Imagine a world where human and artificial intelligence interconnect to create systems and experiences that are smarter than either alone. A robot in a hospital might save precious time assessing a patient by comparing test results to health data collected from all over the world. A device placed at the front door might identify a visitor as a friend, and let them into the house if the homeowner is expecting them.
From solving medical mysteries to making everyday life easier, artificial intelligence is the answer to the question, “What’s next?”
AI has several definitions but in simple terms, it is the ability for a machine to autonomously analyze data, take action, and then learn from the outcomes. Human oversight compounds these insights and learnings.
AI is the next generation of analytics capability. Although work in the field has been going on for decades, recent attention has been brought to the subject again due to the culmination of three key aspects: substantial improvements in computational power, the proliferation of big data, and advancements in deep learning algorithms.

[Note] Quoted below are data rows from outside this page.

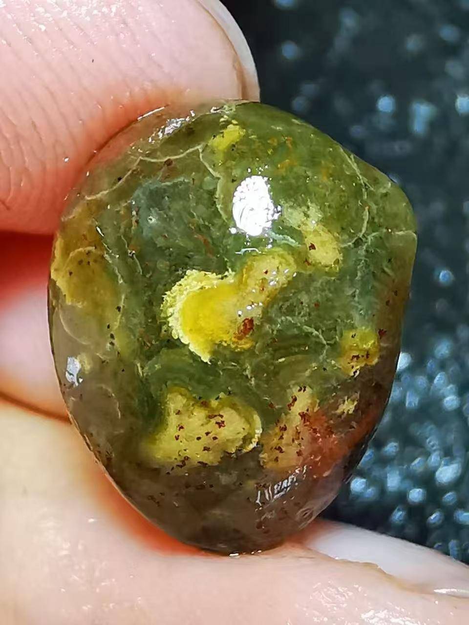 阿拉善玉,又称阿拉善玛瑙、阿拉善彩玉,产自内蒙古阿拉善盟这片神奇的土地。其主要成分为二氧化硅,颜色之丰富,令人目不暇接,红、绿、黄、蓝等多种色彩交织在一起,仿佛是大自然的调色盘。其质地细腻,颗粒小至39纳米,可与顶级翡翠相媲美。而地表料的天然造型,更是令人拍案叫绝。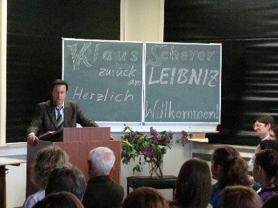"Herzlich Willkommen", so lautet die Aufschrift an der Tafel im überfüllten Musikraum. Klaus Scherer, der vor 30 Jahren (1980) am Leibniz-Gymnasium sein Abitur absolviert hat, kehrt zurück an seine Schule, um Schülern, Lehrern, Elternvertretern und Gästen von seinem Berufsalltag als ARD-Korrespondent in Washington und seinem Weg vom einfachen Mitarbeiter der Pirmasenser Zeitung bis ins ARD-Studio in den USA zu berichten.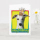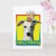 Célébrez un anniversaire avec cette carte de voeux fantaisiste pour chien Whippet. Avec un cupcake équilibré sur sa tête, ce design ne manquera pas d'apporter un sourire et des rires ! BTW, Cette conception a plusieurs versions, avec différentes couleurs arrière - plans. Il y a aussi une invitation à une version Party.

At Fidelity Labs, we’re exploring what the future with AI and machine learning might look like, whether it’s one year, five years or even 20 years from now. AI could create tremendous opportunity in the financial services industry. We want to be on the forefront of this evolution to support the financial lives of our customers.
Throughout our research, looking both internally and externally, we have identified four essential elements that are necessary to the success of an AI initiative.
- NEED | Relevant and Defined
The need must be aligned with the promise of the technology. Even for a technology-driven initiative like AI, we approach the space with a Design Thinking methodology. We understand the problem from different perspectives and build empathy for all stakeholders.
- DATA | Accessible and Consumable
Data is the fuel that drives AI. Actively finding and securely working with consumable data are essential to the success of AI. Through fluid partitioning and governance practices, we are able to leverage data from across the organization.
- INFRASTRUCTURE | Fast and Secure
Access to advanced computational power supports data processing by reducing ‘friction to start’ and ‘speed to market’. With projects in development and more needing exploration, Fidelity Labs recently acquired two Nvidia DGX-1 supercomputers designed for deep learning and accelerated AI analytics.
- SKILL | Trained and Available
Of course, success is only possible with the skill of a diverse team, including: Data Scientists, Engineers, Product, and Design. All work with a deep understanding and appreciation for the needs of our business and our customers.
In 2013, we used machine learning and AI to develop a system that improves the way customer calls are routed to Fidelity call center associates. Many similarly compelling use cases are in development today.
There is great opportunity for us to continue these experiments, to learn from them, and to build AI capabilities. Our aim is to exceed customer expectations as we evolve existing business and technology models.
Could this change the way we do business? Might it uncover new opportunities to enhance our systems and services? We look to the future of AI with excitement and optimism.